++++ Data

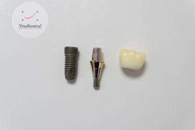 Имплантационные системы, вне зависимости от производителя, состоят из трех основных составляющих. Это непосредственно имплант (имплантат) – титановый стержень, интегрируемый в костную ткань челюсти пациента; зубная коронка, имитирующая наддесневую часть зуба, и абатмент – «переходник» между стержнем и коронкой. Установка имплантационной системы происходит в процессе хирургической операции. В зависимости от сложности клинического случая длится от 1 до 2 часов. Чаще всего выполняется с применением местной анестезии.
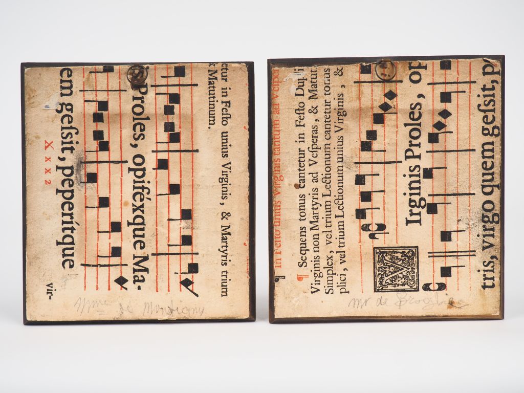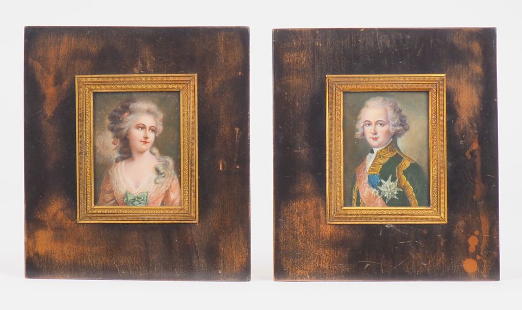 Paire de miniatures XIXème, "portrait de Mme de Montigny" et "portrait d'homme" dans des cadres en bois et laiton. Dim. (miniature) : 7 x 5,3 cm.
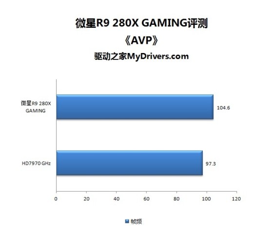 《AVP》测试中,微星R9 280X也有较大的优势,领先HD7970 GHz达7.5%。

++++++++

• _Work order_
An exact copy of the listing is required, excluding any pictures.

• _Result of the task_
 Имплантационные системы, вне зависимости от производителя, состоят из трех основных составляющих. Это непосредственно имплант (имплантат) – титановый стержень, интегрируемый в костную ткань челюсти пациента; зубная коронка, имитирующая наддесневую часть зуба, и абатмент – «переходник» между стержнем и коронкой. Установка имплантационной системы происходит в процессе хирургической операции. В зависимости от сложности клинического случая длится от 1 до 2 часов. Чаще всего выполняется с применением местной анестезии.
 Paire de miniatures XIXème, "portrait de Mme de Montigny" et "portrait d'homme" dans des cadres en bois et laiton. Dim. (miniature) : 7 x 5,3 cm.
 《AVP》测试中,微星R9 280X也有较大的优势,领先HD7970 GHz达7.5%。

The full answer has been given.